Пример 2. Синтез праймеров. Example 2. The synthesis of primers.
Праймеры синтезировали фосфоамидитным методом на автомате-синтезаторе по обычной схеме. Для выделения синтезированных олигонуклеотидов из реакционной смеси использовали обращенно-фазовую хроматографию перед снятием метокситритильной 5'-концевой защитной группы. Полученные праймеры были практически гомогенны по результатам гель-электрофореза в полиакриламидном геле. The primers were synthesized by the phosphoamidite method on an automatic synthesizer according to the usual scheme. Reverse phase chromatography was used to isolate the synthesized oligonucleotides from the reaction mixture before removal of the 5'-terminal methoxytrityl protecting group. The obtained primers were almost homogeneous according to the results of polyacrylamide gel electrophoresis.
Пример 3. Выделение тотальной РНК. Example 3. Isolation of total RNA.
РНК из сыворотки крови, культуры тканей или образцов переносчиков выделяли гуанидинизотиоционатом с последующей экстракцией смесью фенола и хлороформа. Водную фазу, содержащую РНК, осаждали этанолом. RNA from serum, tissue culture or carrier samples was isolated with guanidine isothiocyanate, followed by extraction with a mixture of phenol and chloroform. The aqueous phase containing RNA was precipitated with ethanol.
Пример 4. Синтез кДНК. Example 4. Synthesis of cDNA.
Синтез кДНК осуществлялся с праймером 626R, состоящим из 23 звеньев и имеющим следующую последовательность: GGGCATTCATAAGTGATAGTATC. The cDNA synthesis was carried out with primer 626R, consisting of 23 units and having the following sequence: GGGCATTCATAAGTGATAGTATC.

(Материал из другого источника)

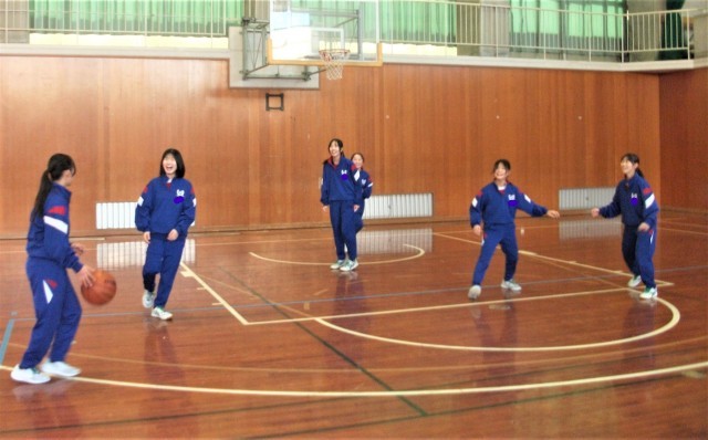 2年生の保健体育科です。バスケットボールに取り組んでいます。写真の場面は、3対3を行っている場面です。バスケットボール部員がいるので、質の高い3対3となっているゲームもありました。

Следует отметить, что для синтеза кДНК выбирался праймер, отличный от праймеров для внешней и внутренней амплификации, что существенно повышает специфичность предлагаемого метода. It should be noted that for the synthesis of cDNA a primer was selected that is different from the primers for external and internal amplification, which significantly increases the specificity of the proposed method.
Пример 5. Амплификация фрагмента кДНК с внешней парой праймеров. Example 5. Amplification of a cDNA fragment with an external pair of primers.
Амплификацию с праймерами 2F и 518R проводили в объеме 50 мкл при конечной концентрации 200 мкмоль каждого из праймеров. В качестве матрицы в реакционную смесь добавляли 2 мкл предварительно разведенной в 10 раз дистиллированной водой смеси, полученной в результате реакции обратной транскрипции. Реакцию ПЦР проводили при следующих условиях: денатурация - 94oС, 20 секунд; отжиг - 55oС, 20 секунд; элонгация - 72oС, 30 секунд; 25 циклов.Amplification with primers 2F and 518R was carried out in a volume of 50 μl at a final concentration of 200 μmol of each of the primers. As a matrix, 2 μl of a mixture preliminarily diluted with 10 times distilled water, obtained as a result of the reverse transcription reaction, was added to the reaction mixture. The PCR reaction was carried out under the following conditions: denaturation - 94 o C, 20 seconds; annealing - 55 o C, 20 seconds; elongation - 72 o C, 30 seconds; 25 cycles.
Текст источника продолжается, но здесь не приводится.